Writing durable workflows

LlamaAgents

Agent Workflows

Workflows are ephemeral by default. Once run() returns, the state is gone, and the next run() starts fresh. But a workflow is often where you’ve written an ad hoc concurrent process. You fan out over a hundred documents, call an LLM per chunk, and collect the results. That is the kind of run you don’t want to start over from zero when the process is killed halfway through.

This page shows how to checkpoint that run and resume it after a restart.

Snapshot the context

A run advances by reducing events in a controlled way, so its state is well defined at every step boundary. That state is the events still in flight plus the state store. Context.to_dict() serializes it, Context.from_dict() rebuilds it, and run(ctx=...) continues from there, even in a different process:

w = MyWorkflow()
handler = w.run()
result = await handler

# Persist the snapshot
db.save("my-run", json.dumps(handler.ctx.to_dict()))

# ...new process...
w = MyWorkflow()
ctx = Context.from_dict(w, json.loads(db.load("my-run")))
result = await w.run(ctx=ctx)   # continues with the restored state

This survives a restart, but not a crash during the run. You only have the state as of the last to_dict(). To survive a crash, snapshot as the run progresses.

On resume, the restored run re-dispatches the events that were still pending and rebuilds the partial fan-in buffers. Completed steps don’t re-run, because their output is already in the restored state. A step that was mid-execution when you captured the state is rewound and runs again from the top. Resume is at-least-once, and step side effects need to be safe to repeat.

The checkpoint loop

There is no built-in checkpointer to enable.
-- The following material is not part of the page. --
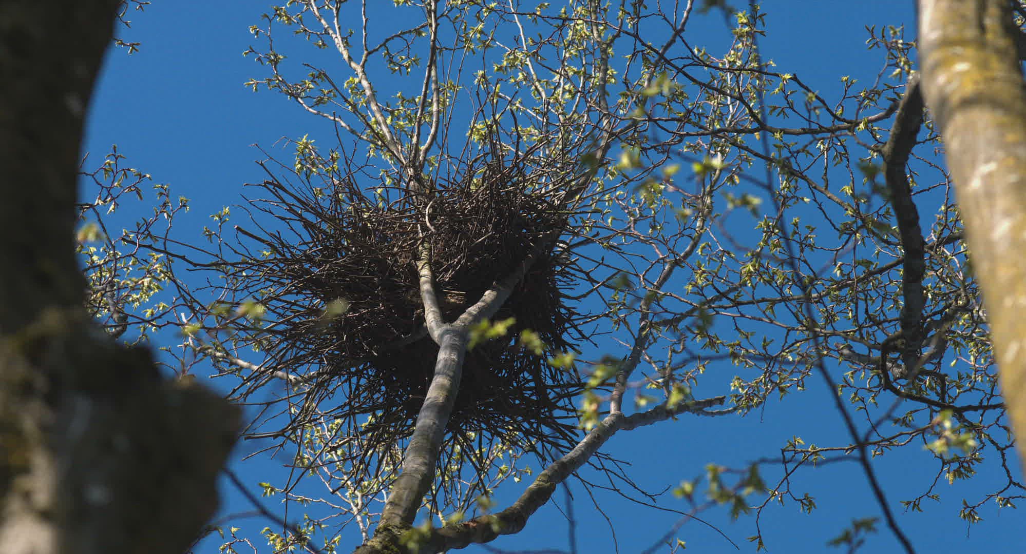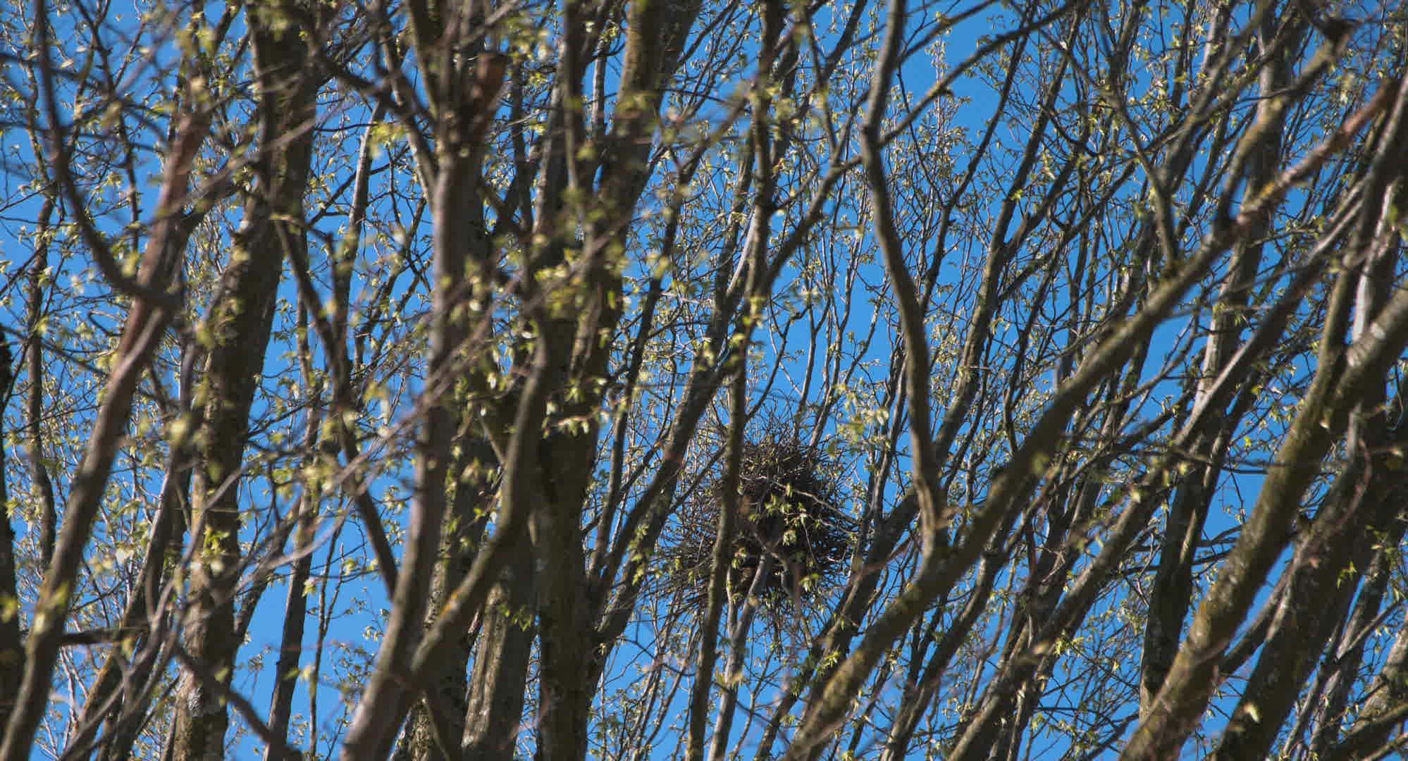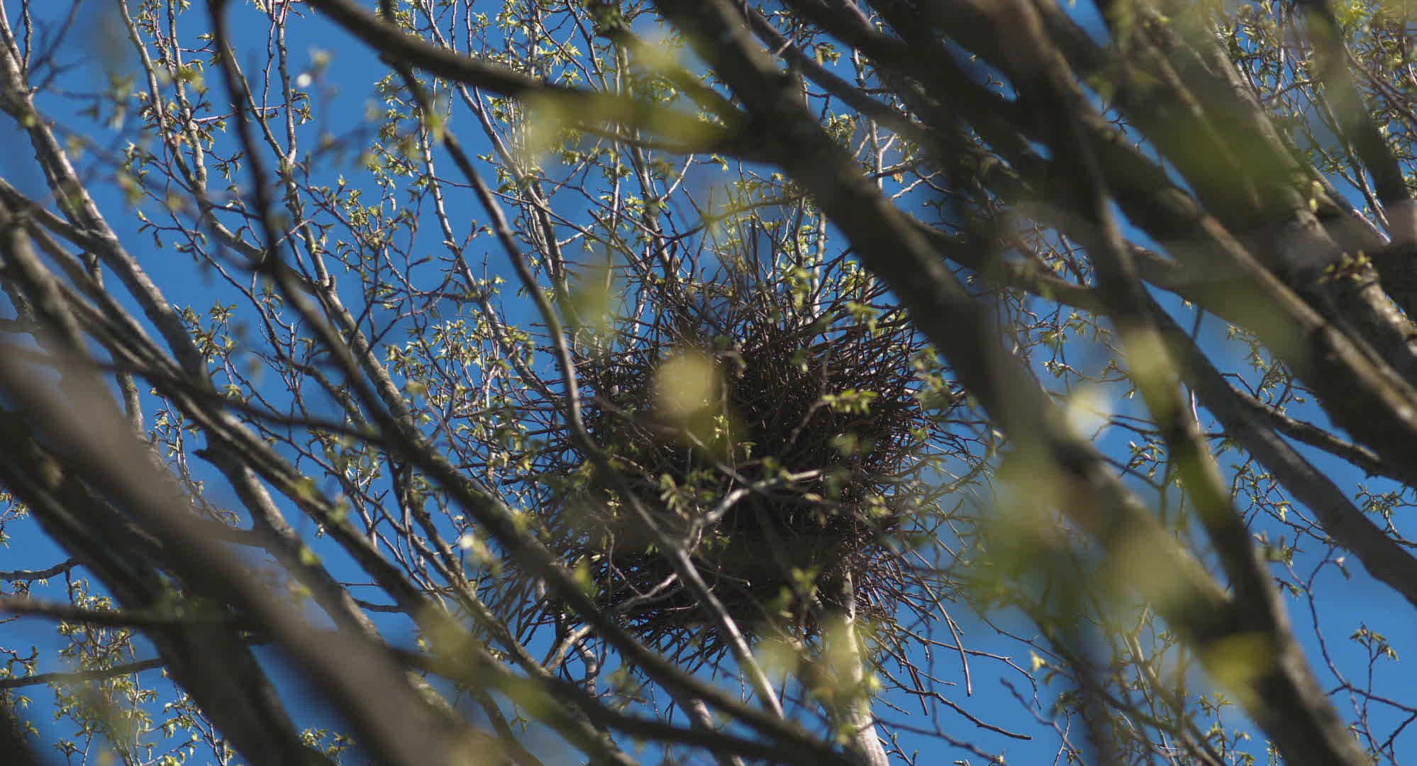 Wide shot of a magpie sitting on a rock with morning light shining on the grass.

The workflow stream emits an internal event every time a step changes state, and you snapshot when you see one finish. stream_events(expose_internal=True) surfaces those internal events, and StepStateChanged with StepState.NOT_RUNNING marks a step finishing:

from workflows.events import StepStateChanged, StepState

handler = w.run()
async for ev in handler.stream_events(expose_internal=True):
    if isinstance(ev, StepStateChanged) and ev.step_state == StepState.NOT_RUNNING:
        db.save("my-run", json.dumps(handler.ctx.to_dict()))
result = await handler

To resume after a crash, load the last snapshot and pass it to run():

w = MyWorkflow()
ctx = Context.from_dict(w, json.loads(db.load("my-run")))
result = await w.run(ctx=ctx)

In a busy run, you usually don’t need to write on every boundary. Each snapshot is a serialize and a write, so throttle it if the workflow is noisy. A crash then costs you at most that interval of redone work.

The snapshot is the state at the moment you take it. Other workers may have advanced since the event that triggered the write, but the state is still consistent and resumable.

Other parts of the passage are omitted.